**TASK TO COMPLETE**.
Below are some entries. Transcribe the lines from the one holding "23 Езда на велосипеде" to the one holding "- 2 of water", inclusive, but not the pictures among them.

══ GIVEN ENTRIES ══

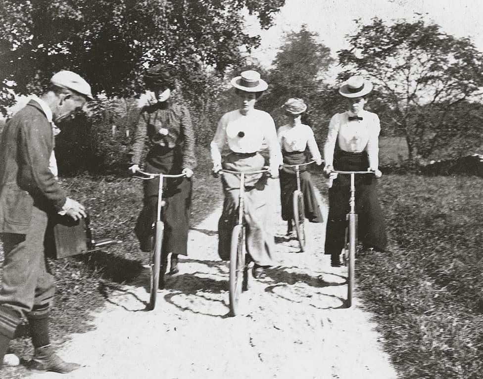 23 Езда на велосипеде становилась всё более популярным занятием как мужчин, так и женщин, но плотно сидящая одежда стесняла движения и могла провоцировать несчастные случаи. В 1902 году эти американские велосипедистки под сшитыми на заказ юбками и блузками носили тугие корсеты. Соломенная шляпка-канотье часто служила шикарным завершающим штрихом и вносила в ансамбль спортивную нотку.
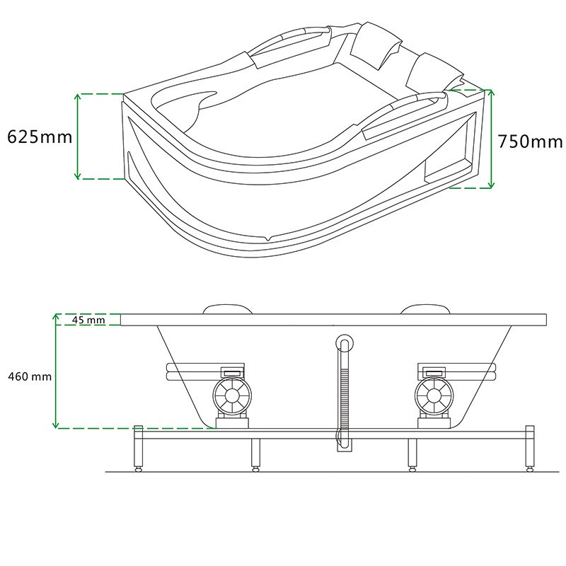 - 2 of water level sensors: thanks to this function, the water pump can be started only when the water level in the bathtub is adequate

═══
══ GIVEN ENTRIES ══

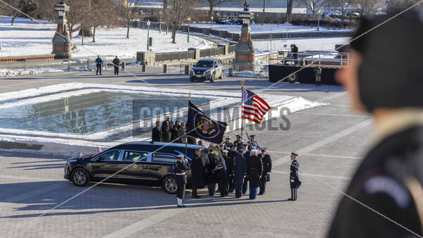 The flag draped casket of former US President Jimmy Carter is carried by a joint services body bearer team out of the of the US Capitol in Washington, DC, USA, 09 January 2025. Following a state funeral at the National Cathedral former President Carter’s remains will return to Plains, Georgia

═══
══ GIVEN ENTRIES ══

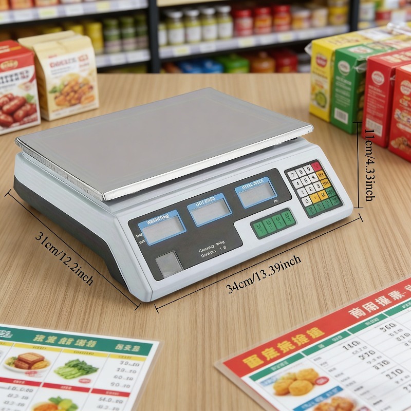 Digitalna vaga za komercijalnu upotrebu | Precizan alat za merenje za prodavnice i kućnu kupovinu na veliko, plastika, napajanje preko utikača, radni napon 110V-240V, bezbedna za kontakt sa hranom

═══

**RESPONSE AREA**.
 23 Езда на велосипеде становилась всё более популярным занятием как мужчин, так и женщин, но плотно сидящая одежда стесняла движения и могла провоцировать несчастные случаи. В 1902 году эти американские велосипедистки под сшитыми на заказ юбками и блузками носили тугие корсеты. Соломенная шляпка-канотье часто служила шикарным завершающим штрихом и вносила в ансамбль спортивную нотку.
 - 2 of water level sensors: thanks to this function, the water pump can be started only when the water level in the bathtub is adequate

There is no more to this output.